#### Assignment
Every record, apart from its pictures, should be repeated exactly.
╭─ Material for this task
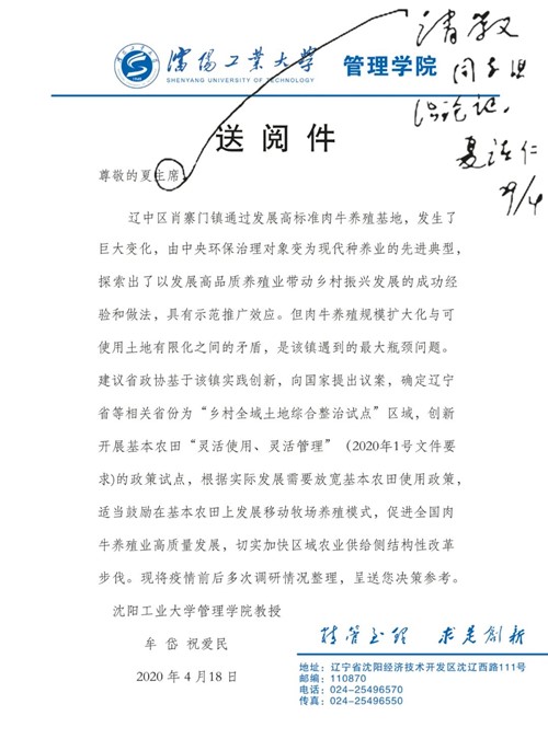 為深入研究國家提出創新開展基本農田“靈活使用,靈活管理”的要求,管理學院特聘教授牟岱和祝愛民院長從2020年初開始,多次深入我省農村基層開展調查研究活動,針對我省高品質肉牛養殖基地遼中區肖寨門鎮大力發展種養結合過程中,在鄉村全域土地綜合治理過程中形成的管理經驗和遇到的管理問題,進行了半年多的個案研究,形成了研究報告,提出了我省和國家在土地資源和產業發展管理問題上,應該根據實際發展需要放寬基本農田使用管理政策,適當鼓勵在基本農田上發展移動牧場養殖模式,推動種養結合的生態循環經濟,促進全國肉牛養殖高質量發展和種植業生態科學化發展,切實加快區域農業供給側結構改革步伐。該報告得到了遼寧省政協夏德仁主席、沈陽市市長姜有為、沈陽市副市長王廣生的重要批示,并組成省政協、環保廳、自然資源廳、省農科院、市政協等有關部門專家參加的聯合調研組,進行了調研論證,肯定了種養結合的發展方向和肖寨門鎮的可借鑒性的管理經驗,并決定將肖寨門鎮納入明年的試點,進一步通過試點確定種養結合發展涉及到的土地管理、產業管理、生態管理、科技管理和人才管理的有關政策。
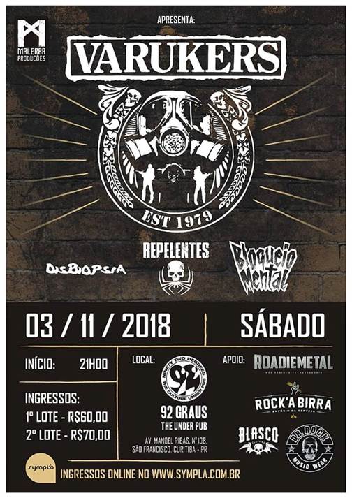O evento será realizado no Pub 92 Graus, situado no bairro São Francisco, em Curitiba. Seu início se dará às 21h00 e o preço das entradas variam de R$ 60,00 (primeiro lote) a R$ 70,00 (segundo lote). The Varukers em Curitiba é uma realização da Malerba Produções e tem o apoio da Roadie Metal, do Rock’A Birra, do Dr. Rock Music Wear e do Blasco Clothing.
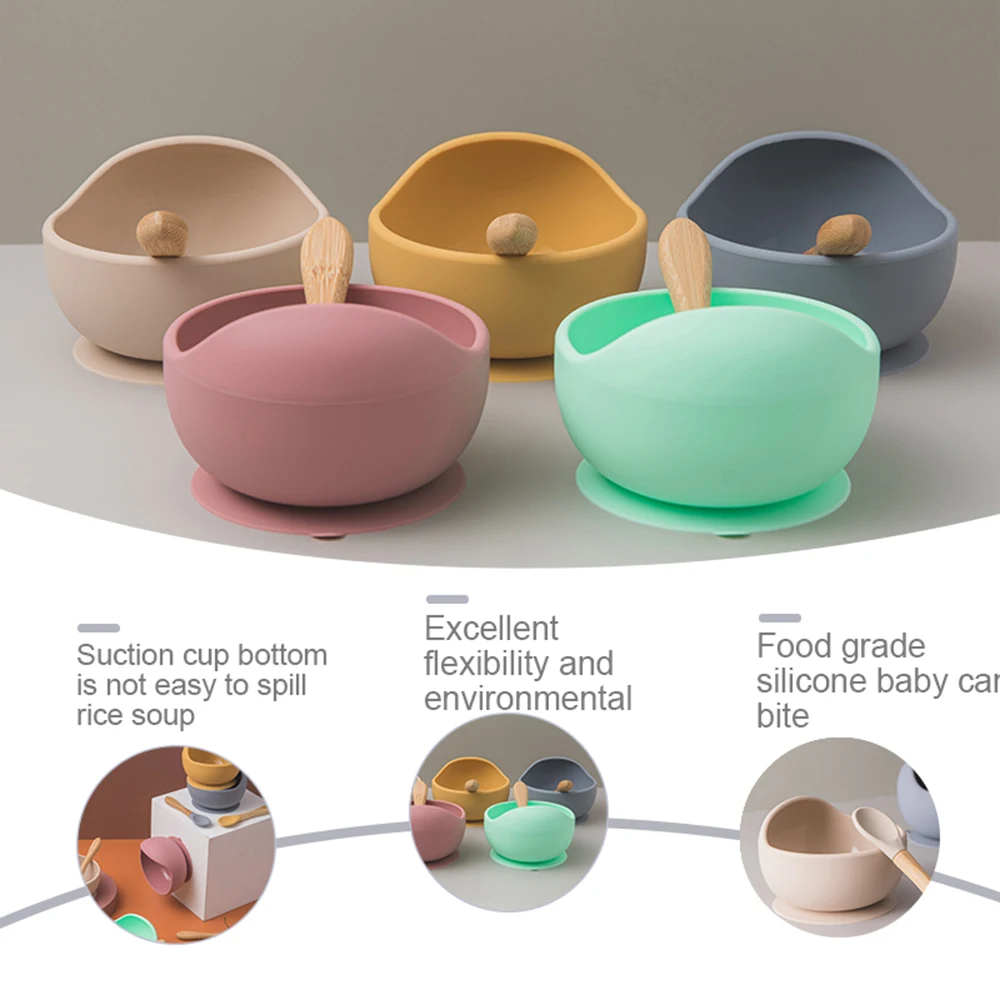 Baby Silicone Feeding Food Supplement Bowl Strong Sucker Waterproof Wooden Spoon Non-Slip Feeding Baby Plate Silicone Tableware
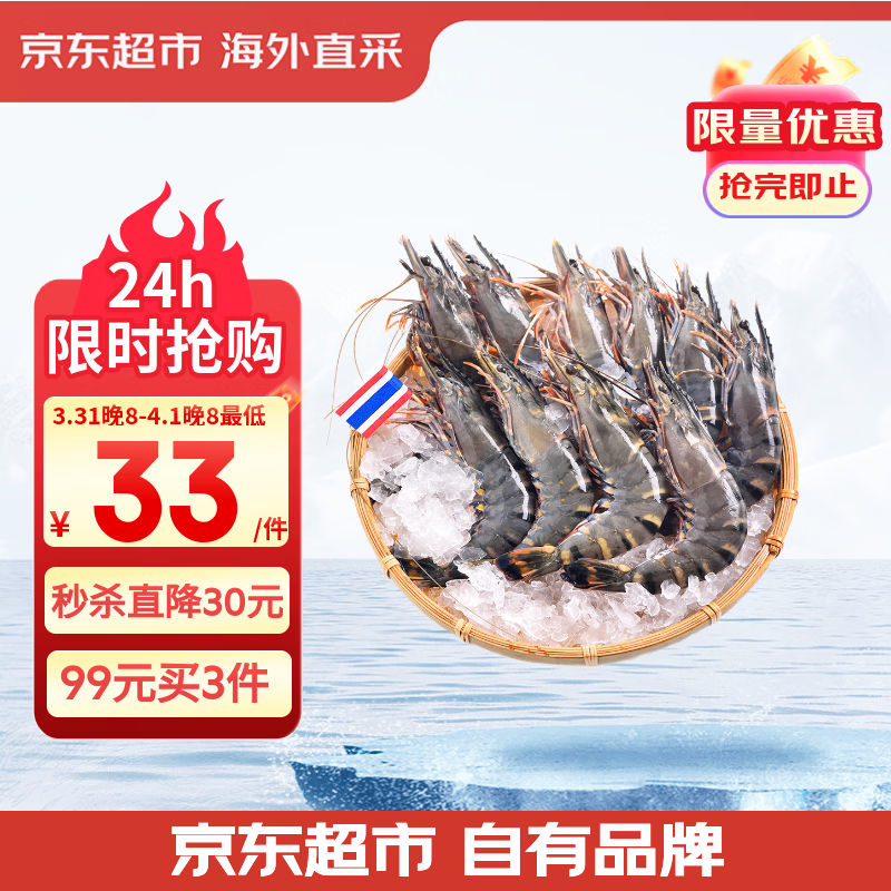 京东超.市 泰国活冻黑虎虾400g 买3件实.付99亓自营包邮 *活虾速
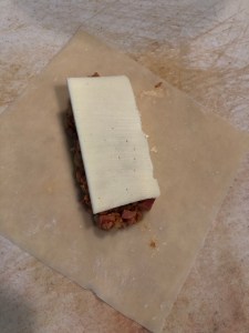Place each wrapper in front of you and add about 2 Tbsp of the Hotchee dog mixture. Then top with 1/2 a slice of American “cheese” :), roll egg-roll style, and brush the edges with egg white for a better seal.
╰─
#### Result of the task
 為深入研究國家提出創新開展基本農田“靈活使用,靈活管理”的要求,管理學院特聘教授牟岱和祝愛民院長從2020年初開始,多次深入我省農村基層開展調查研究活動,針對我省高品質肉牛養殖基地遼中區肖寨門鎮大力發展種養結合過程中,在鄉村全域土地綜合治理過程中形成的管理經驗和遇到的管理問題,進行了半年多的個案研究,形成了研究報告,提出了我省和國家在土地資源和產業發展管理問題上,應該根據實際發展需要放寬基本農田使用管理政策,適當鼓勵在基本農田上發展移動牧場養殖模式,推動種養結合的生態循環經濟,促進全國肉牛養殖高質量發展和種植業生態科學化發展,切實加快區域農業供給側結構改革步伐。該報告得到了遼寧省政協夏德仁主席、沈陽市市長姜有為、沈陽市副市長王廣生的重要批示,并組成省政協、環保廳、自然資源廳、省農科院、市政協等有關部門專家參加的聯合調研組,進行了調研論證,肯定了種養結合的發展方向和肖寨門鎮的可借鑒性的管理經驗,并決定將肖寨門鎮納入明年的試點,進一步通過試點確定種養結合發展涉及到的土地管理、產業管理、生態管理、科技管理和人才管理的有關政策。
O evento será realizado no Pub 92 Graus, situado no bairro São Francisco, em Curitiba. Seu início se dará às 21h00 e o preço das entradas variam de R$ 60,00 (primeiro lote) a R$ 70,00 (segundo lote). The Varukers em Curitiba é uma realização da Malerba Produções e tem o apoio da Roadie Metal, do Rock’A Birra, do Dr. Rock Music Wear e do Blasco Clothing.
 Baby Silicone Feeding Food Supplement Bowl Strong Sucker Waterproof Wooden Spoon Non-Slip Feeding Baby Plate Silicone Tableware
 京东超.市 泰国活冻黑虎虾400g 买3件实.付99亓自营包邮 *活虾速
Place each wrapper in front of you and add about 2 Tbsp of the Hotchee dog mixture. Then top with 1/2 a slice of American “cheese” :), roll egg-roll style, and brush the edges with egg white for a better seal.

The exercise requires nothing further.